Our community measure of explosive anger was developed, tested and modified serially during piloting to ensure its cultural appropriateness and comprehensibility in the local language, Tetum [32]. The screening questions inquired whether participants had ever experienced sudden episodes or attacks of anger and if so, how frequently these attacks occurred. Participants who endorsed attacks at a frequency of at least once a month were then asked about associated characteristics of loss of control, destruction of property, verbal aggression, and physical aggression towards others.

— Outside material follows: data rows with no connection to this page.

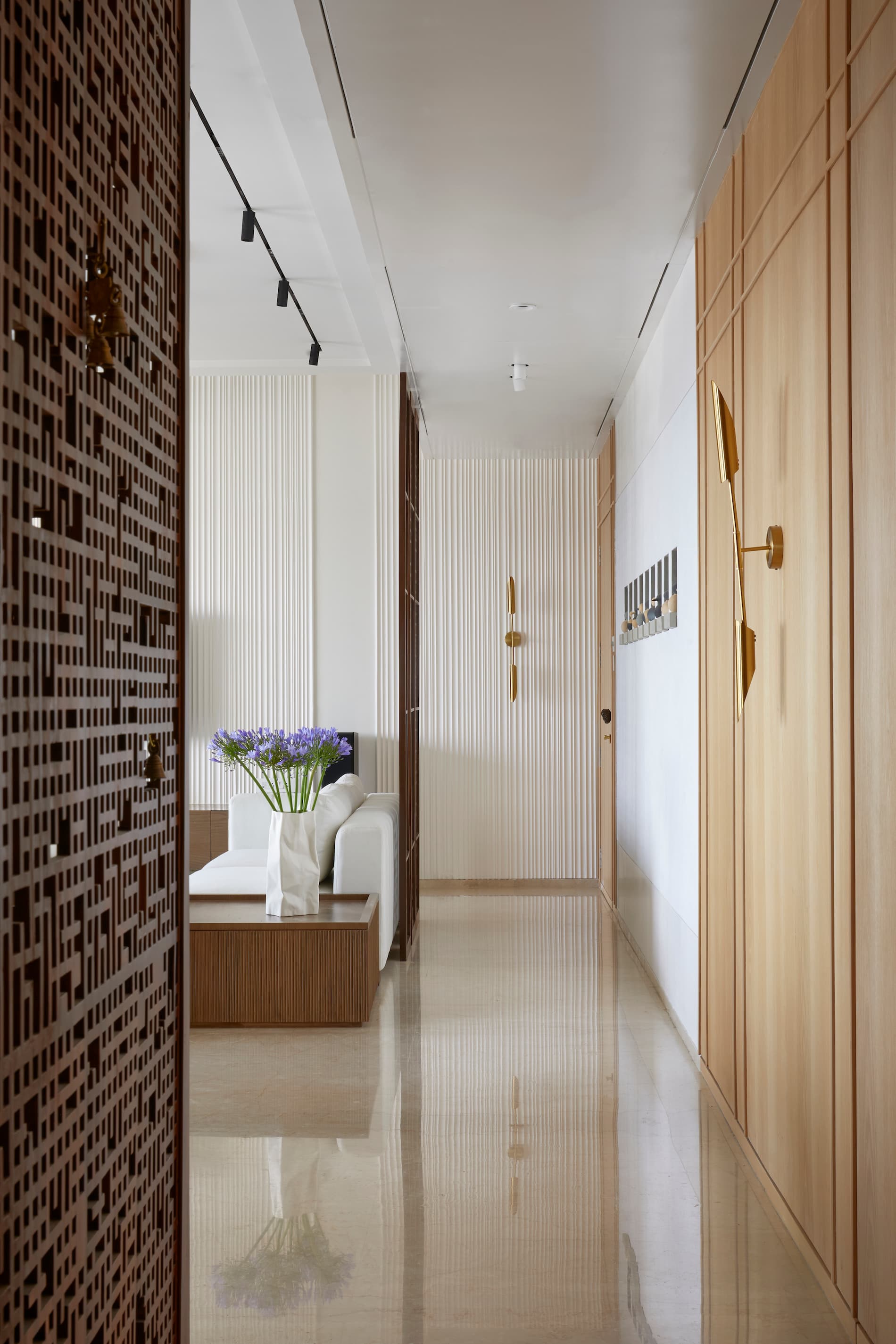 A reinterpretation of the mandir jali design creates a privacy screen between the entry and living space, while light-coloured furnishings maintain a fresh, airy ambiance. The mandir area was reconfigured to include a study corner, separated by a laser-cut wood panel jali adorned with brass bells. The passage, with its 38-foot length, features a dramatic chevron pattern with marble inlays, adding visual interest. The powder bathroom was revamped with honed finish terrazzo walls, a black marble portal, and a pedestal wooden basin to create a chic, character-filled space.
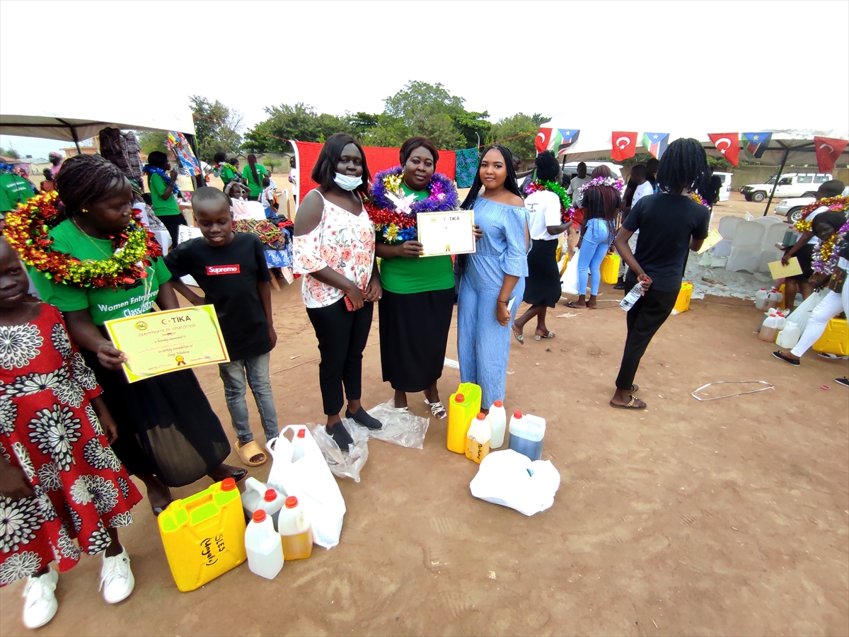 Güney Sudan'da faaliyet gösteren Değişimci Kadınlar Derneği üyesi 78 kadın, TİKA’nın desteğiyle 4 ay terzilik ve sabun üretimi konularında mesleki eğitim aldı.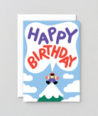 Happy Birthday – laut, bunt und mit Aussicht! Diese Karte feiert den Ehrentag mit einem ganz besonderen Blickwinkel: Eine Figur ruft vom Gipfel aus „Happy Birthday“ in die Wolken – da denkt man fast an eine Schweizer Alpenkulisse. Perfekt für alle, die hoch hinaus wollen oder einfach gute Laune zum Geburtstag gebrauchen können.

We then applied an algorithm to derive a diagnosis of intermittent explosive disorder (IED) according to DSM-IV [32]. In a convergence study, we compared our community index of IED with a blinded diagnosis made on the Structured Clinical Interview for the Diagnostic and Statistical Manual for DSM-IV assigned by experienced psychologists [32]. There was a high level of concordance between the two measures: Area Under the Curve 0.90 (95% CI: 0.83–0.98). in the latent class analysis (described hereunder), we included the five core items of explosive anger as defined by IED each scored categorically (1 = present; 0 = absent): explosive anger attacks, loss of control of anger; destruction of property during attacks; verbal aggression during attacks; physical aggression towards others during attacks.

Grief symptoms

We inquired of all participants whether they had experienced a loss, defined as an event (since 1975) in which someone (e.g. family member, relative, or friend) close to the individual had died or been killed. Those who identified multiple losses were asked to identify the death that had the most impact on their lives, then recording the cause and time of the death. Almost all of these identified losses were related to traumatic deaths or untreated illness occurring during periods of mass conflict. Based on the identified loss event, participants were then asked to rate each of four grief items on a five-point frequency scale (0 = almost never, 1 = rarely, 2 = sometimes, 3 = often, 4 = always) as experienced in the past four weeks. The initial item pool was derived from the literature and contemporary criteria for assessing prolonged grief [17], the process of piloting reducing the number of symptoms to those that were widely recognised and regarded as core experiences of the Timorese people. The derived three symptom items were: persistent yearning/longing for the deceased, feelings of intense bitterness, and feelings emptiness in relation to the death. The fourth item assessed the level of functional impairment associated with the endorsed symptoms. For the latent class analysis, we assigned a score of 0 for symptoms scored not at all, rarely or sometimes and 1 if rated as often (3 on the scale) or always (4 on the scale).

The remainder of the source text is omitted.